22      In deciding the effect of a constitutional error, this court must ask whether “there is a ‘reasonable possibility’ that the constitutional error ‘might have contributed to the conviction.’”  State v. Billings, 110 Wis. 2d 661, 668, 329 N.W.2d 192 (1983).  Alternatively stated, we must “‘be sure that the error did not affect the result or had only a slight effect.’”  State v. Harris, 199 Wis. 2d 227, 255, 544 N.W.2d 545 (1996) (quoting State v. Dyess, 124 Wis. 2d 525, 540, 370 N.W.2d 222 (1985)).
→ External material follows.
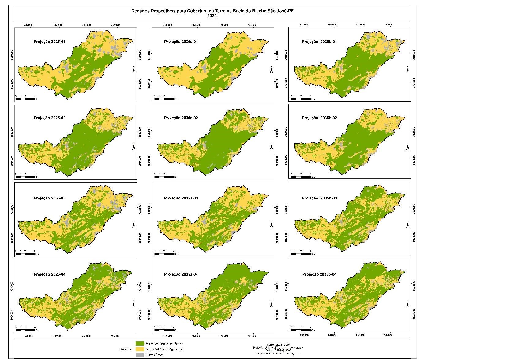 Cenários preditivos na literatura compreendem a probabilidade de como a realidade pode se apresentar no futuro. A perspectiva de cenários preditivos adotados para a bacia do Riacho São José foi prospectiva com vista a conservação da paisagem, ou seja, a descrição de possibilidades de como o futuro pode se apresentar a partir de hipóteses plausíveis, tendo por base as áreas de proteção permanente (APP) dos cursos hídrico e a legislação.

23      In reversing the defendant’s conviction and remanding for a new trial, the Reichhoff court specifically noted that the case before it was “not a case where the prosecution casually asked one witness, on one occasion” whether the defendant professed innocence at the time of arrest or whether he remained silent.  Reichhoff, 76 Wis. 2d at 381.  Rather, in that case, the prosecutor asked multiple questions of several witnesses regarding defendant’s silence and commented about it at length in his closing statement.  Id.
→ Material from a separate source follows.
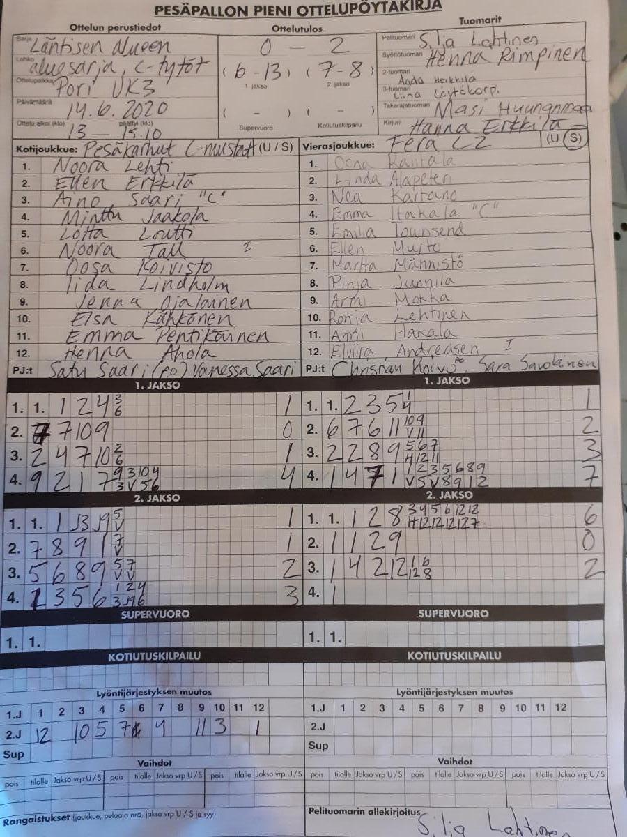 | 777854 | 14.6.2020 13:00* | Pesäkarhut C-Mustat | Fera C2 | 0-2 (6-13, 7-8) | näytä |

24      Such is not the case here.  The prosecutor elicited one statement from Officer Uitenbroek, and no other witnesses, that Wirtz remained silent after receiving his Miranda warning.  No further comments were made about Wirtz’s silence either at that time or in the prosecutor’s closing argument.  Additionally, as discussed at length above, the City’s evidence against Wirtz was substantial.  Officer Uitenbroek testified that Wirtz smelled of alcohol, his eyes were bloodshot, and his speech was slurred.  Wirtz had to hold onto the door of his vehicle to exit it, he failed three field sobriety tests, and a chemical breath test revealed a blood alcohol concentration of 0.1.[2]  A search of Wirtz’s vehicle revealed an almost empty wine bottle with two glasses.  Finally, Wirtz himself testified that he drank approximately five alcoholic beverages prior to his encounter with Officer Uitenbroek. 
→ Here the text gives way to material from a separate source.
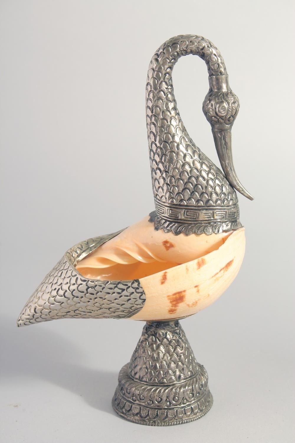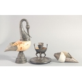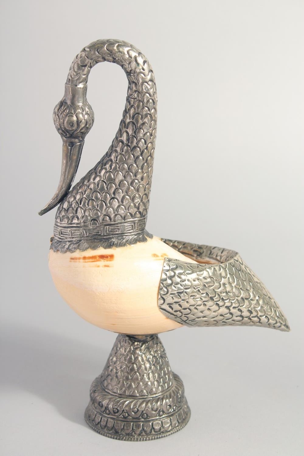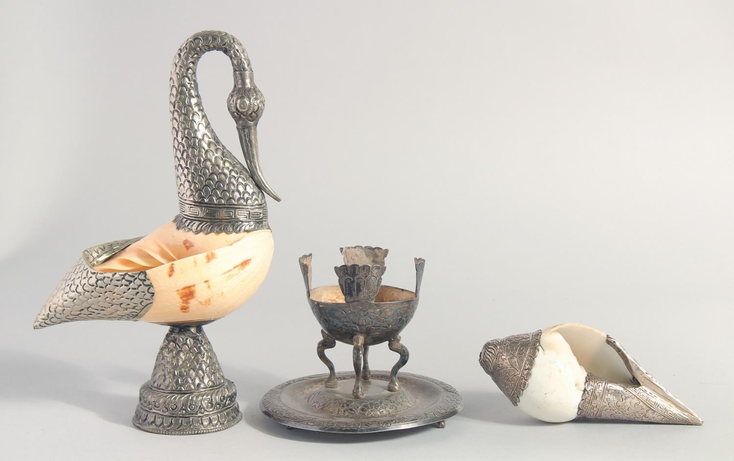 TWO METAL MOUNTED SHELLS, on formed as a swan, together with a metal stand, (3).

25      In light of the quantum and nature of the other evidence presented at trial indicative of Wirtz’s intoxication at the time of his arrest, we are convinced that the jury would have found Wirtz guilty of the violations charged even without the prosecution’s impermissible question.  Accordingly, we affirm.

            By the Court.—Judgment affirmed.

            This opinion will not be published.  Wis. Stat. Rule 809.23(1)(b)4.

 

 

 

 


 

 



[1]  This is an expedited appeal under Wis. Stat. Rule 809.17 (1999-2000), decided by one judge pursuant to Wis. Stat. § 752.31(2)(c).  All references to the Wisconsin Statutes are to the 1999-2000 version unless otherwise noted.

[2]  See Wis. Stat. § 885.235(1g)(c), relating to chemical tests for intoxication (“The fact that the analysis shows that the person had an alcohol concentration of 0.1 or more is prima facie evidence that he or she was under the influence of an intoxicant and is prima facie evidence that he or she had an alcohol concentration of 0.1 or more.”).